Schon auf den ersten Seiten schleicht sich das unterschwellige Gefühl von Bedrohung an, das sich auf den folgenden Seiten immer mehr in die Höhe schraubt. Gemeinsam mit Protagonistin Alyssa wird man in eine andere Wirklichkeit geworfen, eine, in der das Wasser von einem Tag auf den anderen urplötzlich und ohne Warnung abgestellt wird und von jetzt auf gleich bizarre Wasserknappheit herrscht. Mit ihrem flotten, jugendlichen und intelligenten Schreibstil kreieren Neal und Jarrod Shusterman eine bedrohliche, unheilvolle Atmosphäre, die dadurch noch verstärkt wird, dass sie so erschreckend realistisch und greifbar wirkt. Hier wird wahrlich eine Zukunftsvision entworfen, die von unserer Realität nicht allzu weit entfernt zu sein scheint.

»Irgendwas fühlt sich komisch an. Ich weiß nicht genau, was es ist, aber es hängt in der Luft wie ein Geruch. Es ist die Ungeduld der Menschen vor den Kassen. Fast wie mit einem Rammbock bahnen sich die Leute mit ihren Einkaufswagen einen Weg durch die Schlangen. Es herrscht eine Art primitive Ur-Feindlichkeit, nur verdeckt von einer dünnen Schicht aus vorstädtischer Höflichkeit, die langsam fadenscheinig wird.« (3%)

Wir lesen aus der Sicht mehrerer Personen: hauptsächlich einer Gruppe Jugendlicher, die unsere Protagonisten sind, hin und wieder finden sich aber auch Sequenzen von vermeintlich zufälligen Menschen, die sich ebenfalls in irgendeiner Weise dieser Krise ausgesetzt sehen. Irgendwie hängt aber doch alles zusammen, alles spielt irgendwo eine Rolle.

»Für eine Wasserkrise gibt es keine Radarbilder. Keine Sturmfluten, keine Trümmerfelder. Der Tap-Out ist so lautlos wie Krebs.« (6%)

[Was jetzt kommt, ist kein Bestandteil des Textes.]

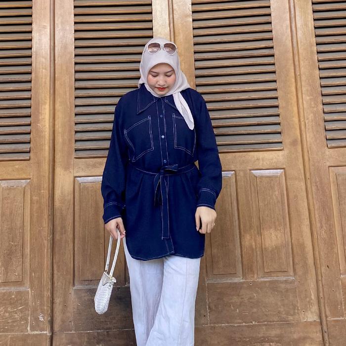 Zoey Tunik Free Belt Super Jumbo Ld 110-140 Bahan Crinkle Adem Jatuh Anti Kusut Atasan Airflow - Hitam, Ld 110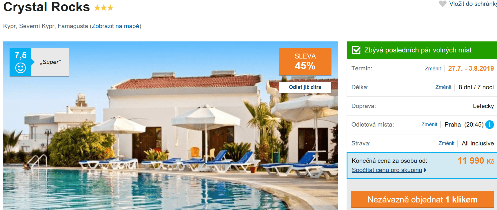 Stále čekáte na ideální nabídku last minute zájezdu? Rozhodování vám může ulehčit akční nabídka cestovní kanceláře, se kterou se můžete na celých 8 dní vydat na překrásný Kypr! V ceně 11 990 Kč máte zpáteční letenku z Prahy, dopravu na místě, služby delegáta, ubytování a stravování formou All Inclusive. Inspiraci na cestování po Kypru můžete načerpat v našem podrobném průvodci, který si zcela zdarma můžete přečíst zde. Odlet je již zítra, proto v případě zájmu s rezervací určitě neotálejte!

Die Anfänge verfolgen wir vor allem aus Alyssas Sicht, einem Mädchen, das nicht weit vom Schulabschluss entfernt ist und gemeinsam mit ihren Eltern, ihrem Onkel und ihrem kleinen Bruder die ersten Probleme zu bewältigen versucht, die unmittelbar nach Abdrehen des Wassers nicht lange auf sich warten lassen. Wir starten also in einem Umfeld, das den meisten von uns bekannt vorkommen dürfte, und verfolgen schrittweise mit, wie sich die Lage immer mehr zuspitzt. Neben Alyssa lesen wir zu großen Teilen auch aus der Sicht von ihrem Nachbarn Kelton, der schon seit Ewigkeiten in Alyssa verliebt ist und dessen Familie sich als einzige in der Gegend wirklich auf die herannahende Katastrophe vorbereitet hat: sie haben Lebensmittel- und Wasservorräte und sind nach kurzer Zeit auch noch die einzigen mit Strom. Nicht schwer zu erraten, dass das bald einige Schwierigkeiten mit sich bringt, denn je durstiger die Menschen werden, desto mehr büßen sie auch von ihrer Menschlichkeit ein.

»Wenn es ums Überleben geht, hat man keine Nachbarn!« (22%)

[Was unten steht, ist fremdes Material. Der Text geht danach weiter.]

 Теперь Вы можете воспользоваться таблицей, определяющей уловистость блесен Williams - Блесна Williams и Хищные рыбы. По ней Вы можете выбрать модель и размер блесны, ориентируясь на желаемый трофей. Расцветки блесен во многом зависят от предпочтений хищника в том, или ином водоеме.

Mit der Zeit gewinnen wir noch zwei weitere wichtige Charaktere dazu: Auf der einen Seite haben wir Jacqui, einer draufgängerischen jungen Frau, die sich schon seit Längerem alleine durchschlägt und in leerstehenden Häusern einnistet, und auf der anderen Seite haben wir den berechnenden Henry, der jede noch so ungünstige Situation zu seinem Vorteil zu nutzen versucht. Zu fünft ergeben sie ein bunt durchwürfeltes Grüppchen, in dem Vorsicht und Misstrauen an der Tagesordnung stehen. Auch wir als Leser wissen nie, was wir von den einzelnen Figuren zu erwarten haben.

Dazu trägt auch bei, dass hier unglaubliche Charakterentwicklungen gezeichnet werden. Entwicklungen, die manchmal eine Gänsehautwelle bei mir zur Folge hatten. Man kann sich bei manchen Charakteren zwei klare Situationen herauspicken und einander kontrastiv gegenüberstellen, so klar und unerbittlich führen die Shustermans uns hier vor Augen, wie sehr wir uns angesichts einer derartigen Katastrophe verändern können, wenn sie uns zum Überlebenskampf herausfordert. Und all das geschieht durchaus glaubwürdig und realistisch und bringt einen wirklich zum Nachdenken: Würde ich mich in der Situation genauso verhalten, wenn meine Werte von jetzt auf gleich verschoben wären? Wenn in meinem Kopf nichts anderes Platz hätte als der Wunsch nach Wasser? Unmöglich, diese Fragen zu beantworten, wenn man sich der Situation nicht selbst ausgesetzt sieht.

Das Leseerlebnis, das durch einige herausstechende Momente, die besonders berühren, erschrecken, Gänsehaut oder Tränen auslösen, sehr intensiv wird, ist auch deshalb so eindrucksvoll, weil die Autoren so viele intelligente, philosophische Gedankengänge und interessantes Wissen einstreuen, sodass man sich als Leser nebenbei auch noch weiterbilden kann. Was passiert, wenn der Ausnahmezustand ausgerufen wird? Wie lange kann man ohne Wasser überleben? Wie fühlt es sich an, zu verdursten?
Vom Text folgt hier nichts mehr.